Best of breed solutions are starting to offer better integration than large incumbent software providers whose strength in the past was their offer of one-stop shopping. That’s one of our takeaways from comments made by Box CEO Aaron Levie at a pre-event briefing prior to his company’s user conference which kicked off in San Francisco this morning.

Ever since software was invented, companies have debated endlessly whether they were best served holistically by one or two large vendors who could meet most of their needs – or whether they were better off buying best of breed solutions from point providers. And in truth, the bias has swung between the two. Cloud computing initially saw a shift back to incumbency as vendors like Salesforce and Oracle went on a SaaS acquisition spree to build out sales, marketing, and HCM clouds.

One of the articles of faith in this debate is that best of breed providers might provide more specific capabilities but a homogenous vendor would provide a more integrated solution making life easier for CIOs and their internal customers.

However, many large enterprise customers have experienced a very different reality as Which-50 has reported in the past. Big marketing or sales clouds are rarely built from the ground up. They are instead amalgamations of acquisitions that need to be plugged together which involves both technological and cultural integration.

Teams thrown together artificially after an acquisition often find themselves struggling to gel under a unified approach. Founders, no longer in control of their own destiny after the acquisition sometimes bristle under the corporate strictures of their new overlords, while other key members – critically from engineering, for instance – become a flight risk when the cultures fail to gel.

Best of breed companies who obsess around the customer experience, on the other hand, have the same or even a stronger incentive to make the collaboration work but suffer none (or far fewer) of the cultural or organisational overheads typically found inside large incumbent businesses built on acquisitions.

Box sits firmly in the best of breed camp.
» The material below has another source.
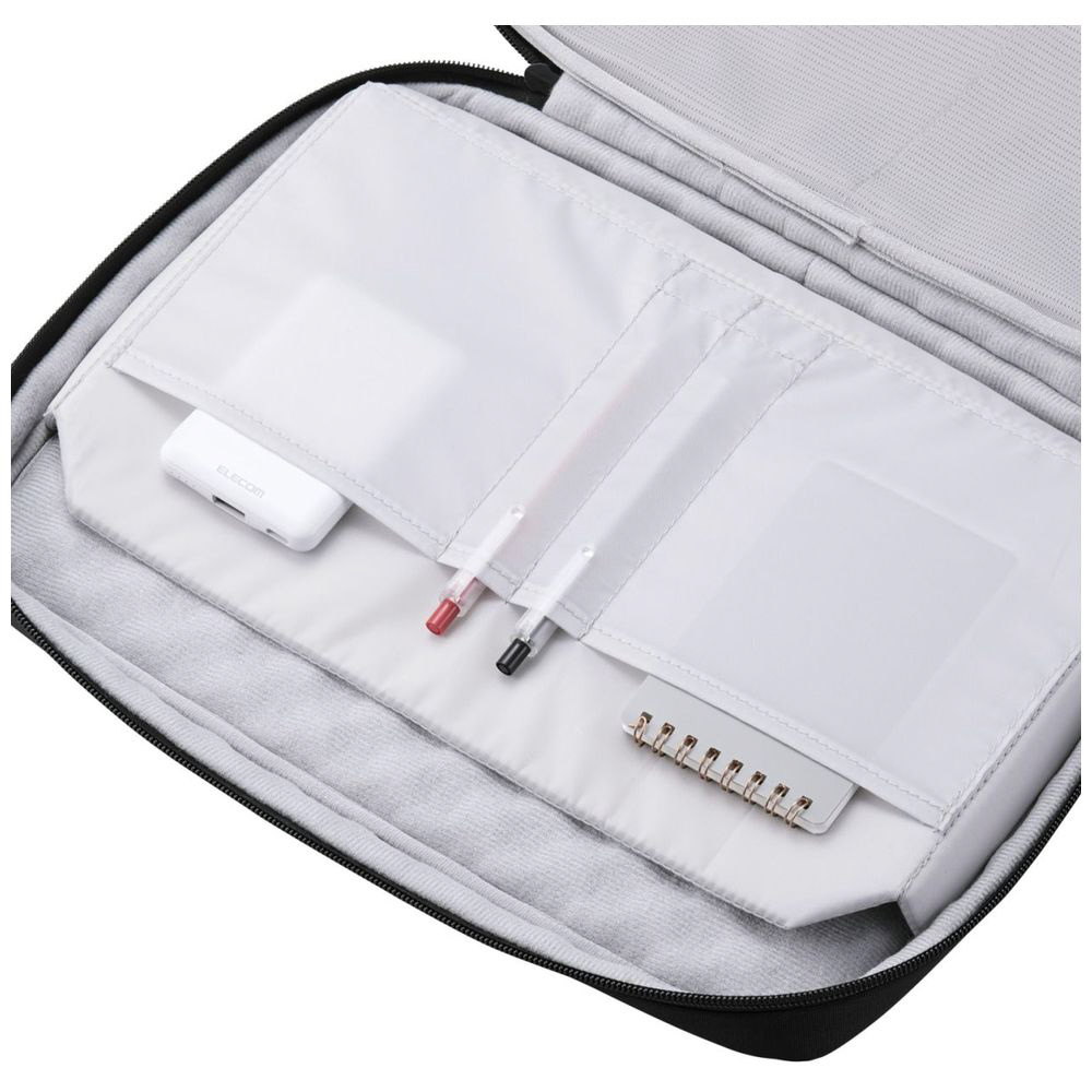本体内装には、マウスやケーブルなどの周辺機器を整理して収納できるストレッチメッシュ素材のオープンポケットを2つ備えています。

Its chief product officer Jeetu Patel argues that the ecosystem is the product, and the company works closely with partners it also considers best of breed such as Slack, Zoom, and Okta.
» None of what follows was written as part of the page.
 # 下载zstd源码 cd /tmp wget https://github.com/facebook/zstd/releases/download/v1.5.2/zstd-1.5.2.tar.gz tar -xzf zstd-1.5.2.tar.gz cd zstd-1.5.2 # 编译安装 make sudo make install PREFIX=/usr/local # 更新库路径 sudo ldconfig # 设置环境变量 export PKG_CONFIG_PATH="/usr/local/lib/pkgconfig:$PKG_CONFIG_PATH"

While carefully avoiding the use of the word suite (because Box has started offering its own) Levie told Which-50, “The incumbent model brings lots technology together and sells it as one thing.”
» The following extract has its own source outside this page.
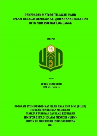 XMLArrum Sholekhah, 2024, “Penerapan Metode Tilawati PAUD Dalam Belajar Membaca Al-Qur’an Anak Usia Dini di TK Nur Rohmat Loa Gagak” Program Studi Pendidikan Islam Anak Usia Dini, jurusan Pendidikan Madrasah, Fakultas Tarbiyah dan Ilmu Keguruan, Universitas Islam Negeri Sultan Aji Muhammad Idris (UINSI) Samarinda. Penelitian ini dibimbing oleh ibu Dr. Hj. Robingatin,M.Ag dan Ibu Sunanik, M.Pd.I. Latar belakang penelitian ini diawali dengan banyak ditemukan pemuda muslim yang kurang bisa membaca Al-Qur’an sehingga anak-anak di lingkungan sekitar kurang mendapat perhatian dalam hal mengaji saat di rumah, anak mengaji hanya saat di TPA maupun di sekolahan. Berdasarkan observasi penelitian yang dilakukan di TK Nur Rohmat memperoleh gambaran bahwasanya metode tilawati PAUD yang diterapkan kepada anak dalam pembelajaran Al-Qur’an pada implementasinya menggunakan media peraga kartu, peraga kaleder, dan buku tilawati PAUD. Penelitian ini merupakan jenis penelitian kualitatif. Subjek yang diteliti adalah anak kelas B1 yang berjumlah 12 anak. Tehnik pengumpul data dalam penelitian ini adalah observasi, wawancara, dan dokumentasi. Keabsahan data mengunakan teknik triangulasi sumber, triangulasi teknik dan triangulasi waktu. . Tehnik analisis data menggunakan reduksi data, sajian data, penarikan kesimpulan dan verifikasi. Berdasarkan dari Penelitian di lembaga pendidikan di TK Nur Rohmat Loa Gagak Desa Loa Kulu Kota Kec.Loa Kulu, terdapat 2 Pendekatan yaitu pendekatan klasikal individu dan baca simak. serta 2 Teknik dalam pembelajaran membaca Alqur’an menggunakan metode tilawati yaitu Teknik guru membacakan anak mendengarkan, guru membacakan anak menirukan serta guru dan anak membaca bersama – sama. Dengan metode yang digunakan dalam pembelajaran membaca Al- Qur’an anak usia dini di TK Nur Rohmat tersebut Sebagian besar sudah bisa membaca Huruf Hijaiyyah dengan baik dan sesuai makhrojul huruf.

It’s a business model and a strategy based on distribution powers, he says.

“So what that is basically saying is I have a customer relationship, I’m going to shove more technology into that customer relationship. The user experience is not the premium. And so as a vendor, you don’t really need a high degree of interoperability because distribution is your strength,” he’s said.

“If you think about companies like Box, and Slack and Zoom and Okta our strength is product experience. That’s why we exist, we are doing something better than the incumbent. Given our premium is on product experience, then you expect the premium also to be on the integration and the seamlessness.”

He offered as a contrast the Skype/Microsoft Teams experience to that of Box and Zoom.

“Do you believe that Skype and Microsoft Teams is providing a better experience than Zoom and Slack? The answer is no in my opinion because I think that Skype only works half the time.  I’m going to bet on the world’s best communication tool with Slack and the world’s best video tool, which is Zoom. And I’m going to bet that those experiences iterate at a much faster pace.”

The roll call of industry leaders at the Box conference suggests that the company is leveraging its best of breed status to build an up-sized influence in the industry. IBM’s CEO Ginny Rometty and Adobe’s Shantanu Narayan joined traditional Box partners by Okta’s Todd McKinnon and Zoom’s founder and CEO Eric Yuan on the conference run sheet.

Company vision

Speaking later at the BoxWorks19 conference Levie used his keynote to reaffirm the company’s vision of its role in the industry.

“People are going to want to share and collaborate and work on information on any device at any time, at any location, anywhere around the world, in a very secure way, in a way that you can trust.”

This would be done in a way that keeps data private and secure, and greater control is provided to the user, he said.

The 14-year-old company which is a leader in the collaboration software space has 95,000 customers and says 69 per cent of the Fortune 500 companies use its software.

“So many people around the world are really thinking about how they going to transform the way they work, and the way they operate in the cloud,” he told attendees.